* _Records to process_:
○ ○ ○ ○

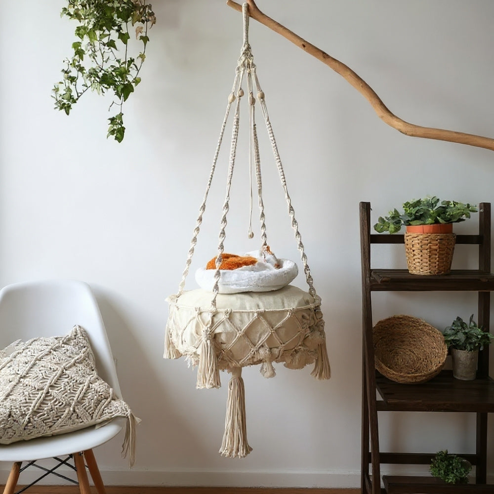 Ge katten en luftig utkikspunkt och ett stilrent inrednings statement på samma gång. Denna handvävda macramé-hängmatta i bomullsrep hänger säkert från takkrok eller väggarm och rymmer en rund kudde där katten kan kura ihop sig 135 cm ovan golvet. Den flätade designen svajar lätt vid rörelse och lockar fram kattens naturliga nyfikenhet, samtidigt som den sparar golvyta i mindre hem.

○ ○ ○ ○

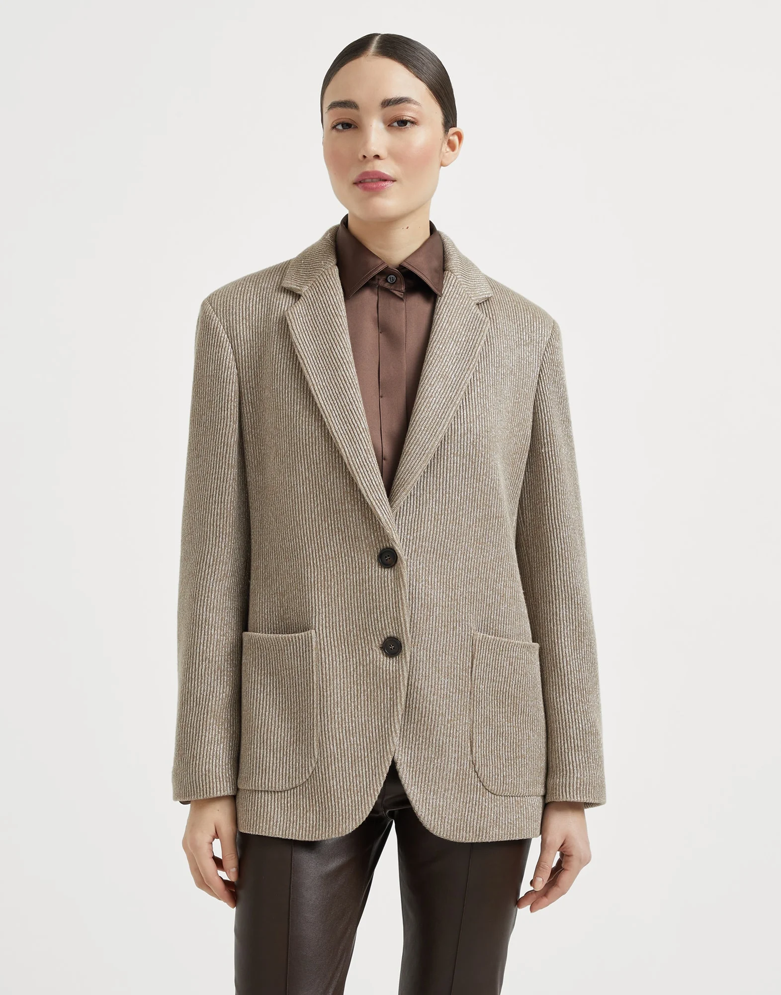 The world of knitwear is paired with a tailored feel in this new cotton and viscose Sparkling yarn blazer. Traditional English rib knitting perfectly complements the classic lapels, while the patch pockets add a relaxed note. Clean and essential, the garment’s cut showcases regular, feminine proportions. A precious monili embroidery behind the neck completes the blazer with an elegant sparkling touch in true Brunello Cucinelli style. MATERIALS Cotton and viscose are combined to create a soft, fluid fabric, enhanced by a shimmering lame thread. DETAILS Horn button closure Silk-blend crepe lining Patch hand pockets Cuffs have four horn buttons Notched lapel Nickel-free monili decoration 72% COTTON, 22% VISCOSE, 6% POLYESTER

○ ○ ○ ○

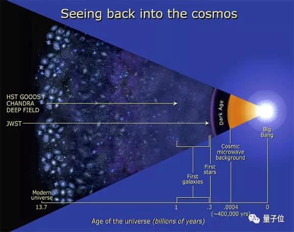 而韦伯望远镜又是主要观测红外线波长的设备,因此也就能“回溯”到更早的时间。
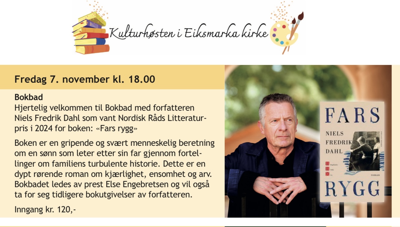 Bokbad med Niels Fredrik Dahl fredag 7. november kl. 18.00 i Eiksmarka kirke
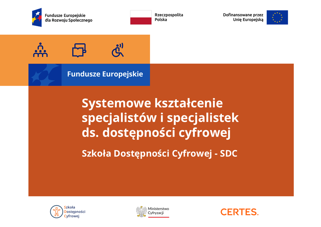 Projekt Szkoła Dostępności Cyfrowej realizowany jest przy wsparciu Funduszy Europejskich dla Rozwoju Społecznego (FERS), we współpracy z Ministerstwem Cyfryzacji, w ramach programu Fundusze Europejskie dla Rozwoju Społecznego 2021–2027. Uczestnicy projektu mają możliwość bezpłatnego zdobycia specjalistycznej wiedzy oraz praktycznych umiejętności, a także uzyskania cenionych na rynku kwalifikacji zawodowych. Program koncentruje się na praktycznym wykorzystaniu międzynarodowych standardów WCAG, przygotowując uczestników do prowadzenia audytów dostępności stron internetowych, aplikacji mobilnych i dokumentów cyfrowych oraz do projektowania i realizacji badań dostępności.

○ ○ ○ ○

* _What you need to do_: Reproduce exactly, with no pictures, the lines above from the one holding "Bokbad med Niels" to the one holding "Projekt Szkoła Dostępności", inclusive.

* _Solution for this task_:
 Bokbad med Niels Fredrik Dahl fredag 7. november kl. 18.00 i Eiksmarka kirke
 Projekt Szkoła Dostępności Cyfrowej realizowany jest przy wsparciu Funduszy Europejskich dla Rozwoju Społecznego (FERS), we współpracy z Ministerstwem Cyfryzacji, w ramach programu Fundusze Europejskie dla Rozwoju Społecznego 2021–2027. Uczestnicy projektu mają możliwość bezpłatnego zdobycia specjalistycznej wiedzy oraz praktycznych umiejętności, a także uzyskania cenionych na rynku kwalifikacji zawodowych. Program koncentruje się na praktycznym wykorzystaniu międzynarodowych standardów WCAG, przygotowując uczestników do prowadzenia audytów dostępności stron internetowych, aplikacji mobilnych i dokumentów cyfrowych oraz do projektowania i realizacji badań dostępności.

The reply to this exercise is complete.